◆ **Exercise**
What you give back from the listing below should be an exact copy of the lines from the one with "- Safe and Secure" down to the one with "MKS BOXSPRINGBETT KING", and it should contain no pictures.
==== Data for this exercise ====
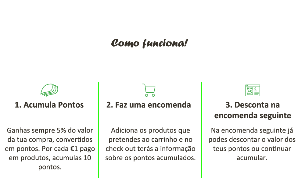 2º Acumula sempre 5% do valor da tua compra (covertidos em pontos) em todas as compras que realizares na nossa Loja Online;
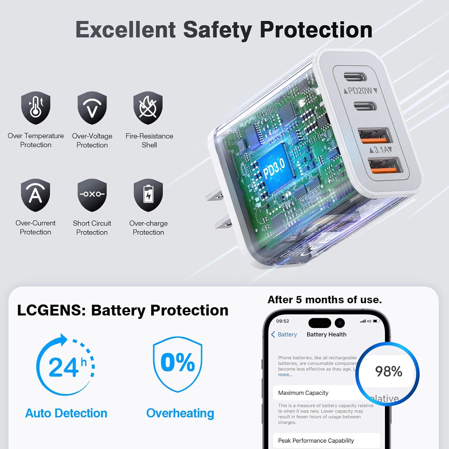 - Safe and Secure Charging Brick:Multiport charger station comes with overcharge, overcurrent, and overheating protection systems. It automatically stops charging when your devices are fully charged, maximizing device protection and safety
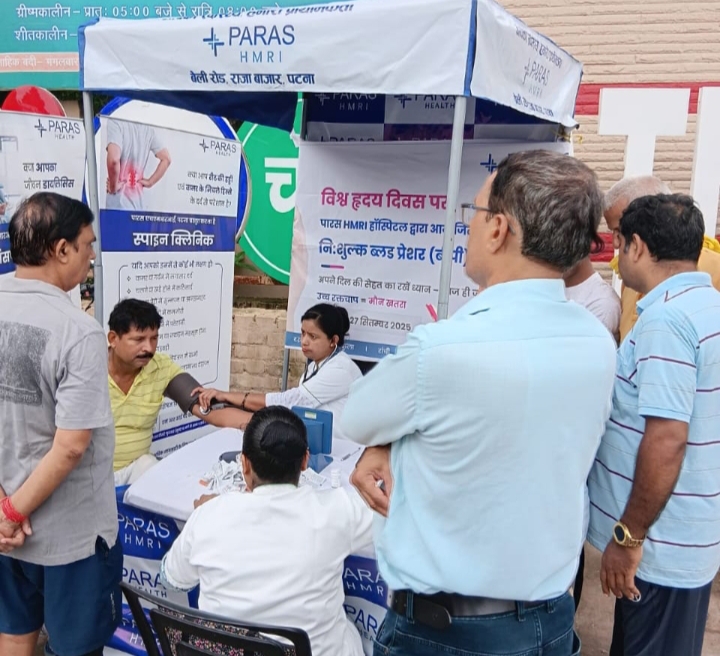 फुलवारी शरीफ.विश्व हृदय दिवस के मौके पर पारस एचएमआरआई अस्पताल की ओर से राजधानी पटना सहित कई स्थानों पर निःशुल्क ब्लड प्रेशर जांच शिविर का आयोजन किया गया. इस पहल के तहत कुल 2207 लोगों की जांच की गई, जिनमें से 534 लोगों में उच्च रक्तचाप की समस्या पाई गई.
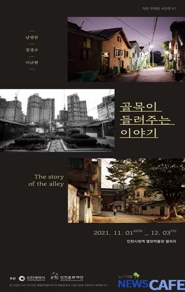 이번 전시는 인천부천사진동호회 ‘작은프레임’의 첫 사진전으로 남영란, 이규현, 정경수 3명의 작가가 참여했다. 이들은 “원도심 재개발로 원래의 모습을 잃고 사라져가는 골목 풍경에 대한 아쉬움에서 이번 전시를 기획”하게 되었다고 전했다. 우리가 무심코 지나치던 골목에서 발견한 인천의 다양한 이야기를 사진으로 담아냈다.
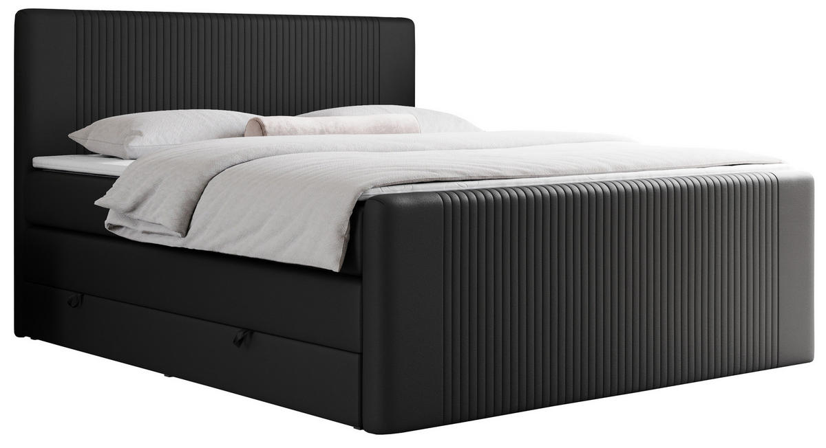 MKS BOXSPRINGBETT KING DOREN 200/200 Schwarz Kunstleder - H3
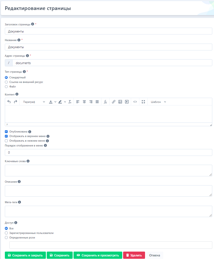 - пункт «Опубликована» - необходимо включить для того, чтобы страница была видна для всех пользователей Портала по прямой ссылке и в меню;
====
◆ **Response area**
 - Safe and Secure Charging Brick:Multiport charger station comes with overcharge, overcurrent, and overheating protection systems. It automatically stops charging when your devices are fully charged, maximizing device protection and safety
 फुलवारी शरीफ.विश्व हृदय दिवस के मौके पर पारस एचएमआरआई अस्पताल की ओर से राजधानी पटना सहित कई स्थानों पर निःशुल्क ब्लड प्रेशर जांच शिविर का आयोजन किया गया. इस पहल के तहत कुल 2207 लोगों की जांच की गई, जिनमें से 534 लोगों में उच्च रक्तचाप की समस्या पाई गई.
 이번 전시는 인천부천사진동호회 ‘작은프레임’의 첫 사진전으로 남영란, 이규현, 정경수 3명의 작가가 참여했다. 이들은 “원도심 재개발로 원래의 모습을 잃고 사라져가는 골목 풍경에 대한 아쉬움에서 이번 전시를 기획”하게 되었다고 전했다. 우리가 무심코 지나치던 골목에서 발견한 인천의 다양한 이야기를 사진으로 담아냈다.
 MKS BOXSPRINGBETT KING DOREN 200/200 Schwarz Kunstleder - H3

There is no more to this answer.